** What is expected **
Give the data again exactly as written, skipping any pictures.
Segment Open
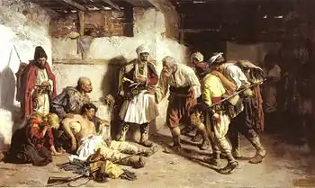 The Piperi and Kuči tribes together attacked Koći, killing a small part, while they found Ottomans in tower houses whom they wanted to destroy with wooden cannons.[2] An epic poem about the war tells how Abdi Pasha the Cherkessian with 20,000 soldiers of the sanjak of Scutari was sent by the sultan to attack the Kuči and Piperi.[3] The poem tells how part of the army advanced on Koći and then fought in Zatrijebač and Fundina.[3]
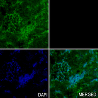 Immunohistochemical analysis of ALB staining in rat kidney formalin fixed paraffin embedded tissue section. The section was pre-treated using heat mediated antigen retrieval with sodium citrate buffer (pH 6.0). The section was then incubated with the antibody at room temperature and detected using an HRP conjugated compact polymer system. Tyramide-AF488 (green) was used as the chromogen. The section was then counterstained with DAPI (blue).
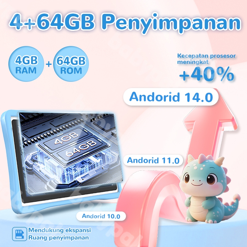Tablet Anak 7 Inch Android 14|RAM 4GB+ROM 64GB|Baterai 3200mAh Tahan 5 Jam|Kontrol Orang Tua IWawa|Babypal-B09
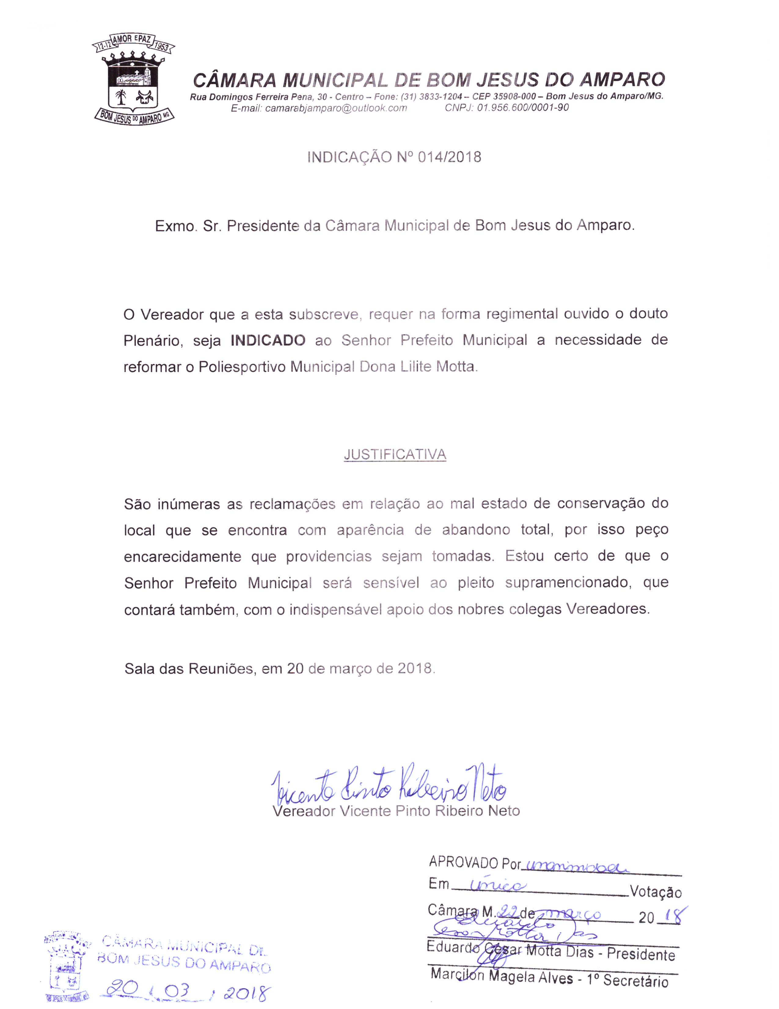 Protocolo: 14/2018, Data Protocolo: - Horário:
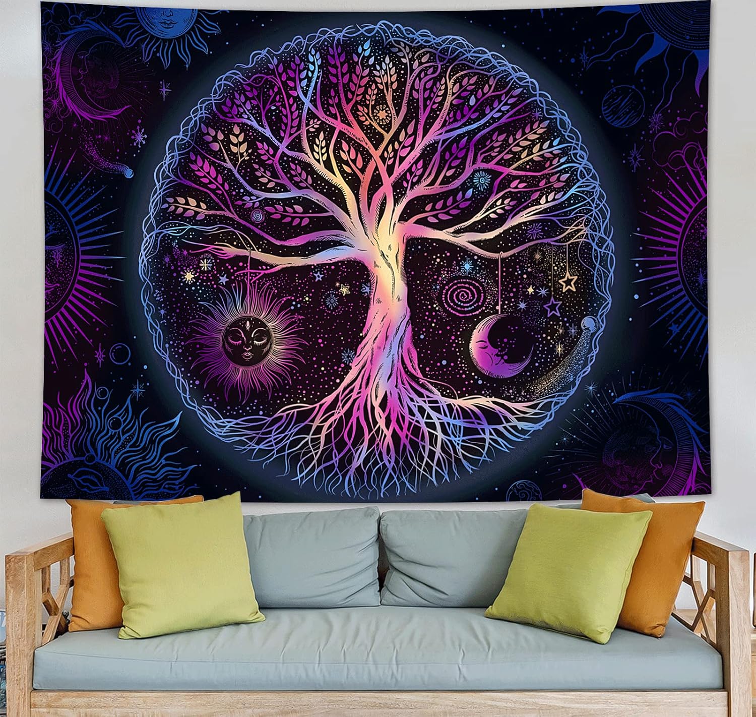 FORATER Tree of Life Tapestry Wall Hanging Colorful Life Tree Tapestries Aesthetic Sun and Moon Galaxy Wall Tapestry for Bedroom Living Room Dorm (61 x 82 Inch, Multicolor)
Segment Closed
** Reply **
 The Piperi and Kuči tribes together attacked Koći, killing a small part, while they found Ottomans in tower houses whom they wanted to destroy with wooden cannons.[2] An epic poem about the war tells how Abdi Pasha the Cherkessian with 20,000 soldiers of the sanjak of Scutari was sent by the sultan to attack the Kuči and Piperi.[3] The poem tells how part of the army advanced on Koći and then fought in Zatrijebač and Fundina.[3]
 Immunohistochemical analysis of ALB staining in rat kidney formalin fixed paraffin embedded tissue section. The section was pre-treated using heat mediated antigen retrieval with sodium citrate buffer (pH 6.0). The section was then incubated with the antibody at room temperature and detected using an HRP conjugated compact polymer system. Tyramide-AF488 (green) was used as the chromogen. The section was then counterstained with DAPI (blue).
Tablet Anak 7 Inch Android 14|RAM 4GB+ROM 64GB|Baterai 3200mAh Tahan 5 Jam|Kontrol Orang Tua IWawa|Babypal-B09
 Protocolo: 14/2018, Data Protocolo: - Horário:
 FORATER Tree of Life Tapestry Wall Hanging Colorful Life Tree Tapestries Aesthetic Sun and Moon Galaxy Wall Tapestry for Bedroom Living Room Dorm (61 x 82 Inch, Multicolor)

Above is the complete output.